(Exercise directions):
Leave out the pictures, and copy exactly the lines from the line with "<B>Columbia, LA- Parish" through the last line of the data below.

(Data shown):
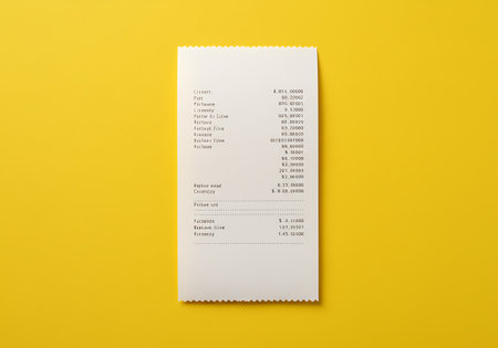 A close-up shot of a printed sales receipt with itemized details, laid flat on a bright yellow surface.
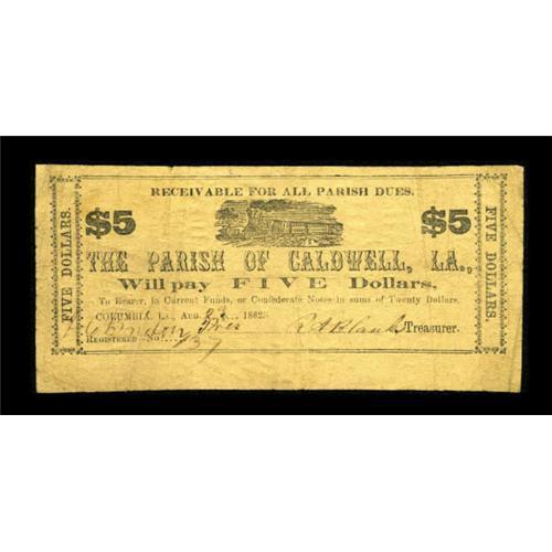 <B>Columbia, LA- Parish of Caldwell</B></I> $5 Aug. 23, 1862<BR> A much scarcer issue from this Parish that was not in the hoard from here that surfaced several years ago. <B>Fine-Very Fine,</B></I> printed on brown paper. <BR><I>From The Collection of a Louisiana Gentleman.</B></I><BR><BR><b>Shipping:</b> Coins & Currency (<a target="_blank" href="http://www.heritageauctions.com/common/shipping.php">view shipping information</a>)
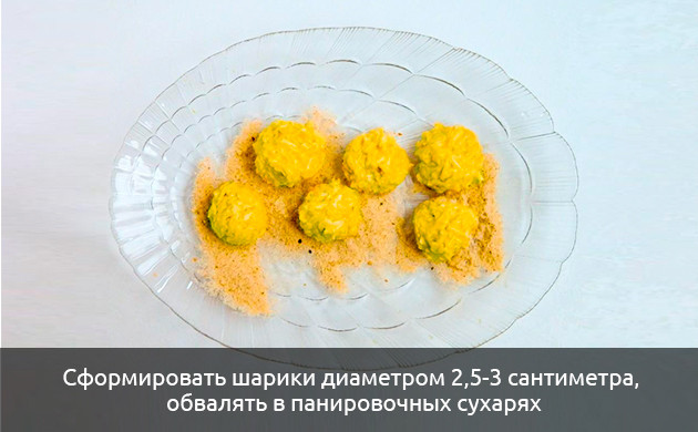 6. Из получившегося теста сформируйте небольшие шарики диаметром 2,5-3 сантиметра. Далее насыпьте панировочные сухари в плоскую тарелку или миску и обваляйте в них шарики со всех сторон.

(Written solution):
 <B>Columbia, LA- Parish of Caldwell</B></I> $5 Aug. 23, 1862<BR> A much scarcer issue from this Parish that was not in the hoard from here that surfaced several years ago. <B>Fine-Very Fine,</B></I> printed on brown paper. <BR><I>From The Collection of a Louisiana Gentleman.</B></I><BR><BR><b>Shipping:</b> Coins & Currency (<a target="_blank" href="http://www.heritageauctions.com/common/shipping.php">view shipping information</a>)
 6. Из получившегося теста сформируйте небольшие шарики диаметром 2,5-3 сантиметра. Далее насыпьте панировочные сухари в плоскую тарелку или миску и обваляйте в них шарики со всех сторон.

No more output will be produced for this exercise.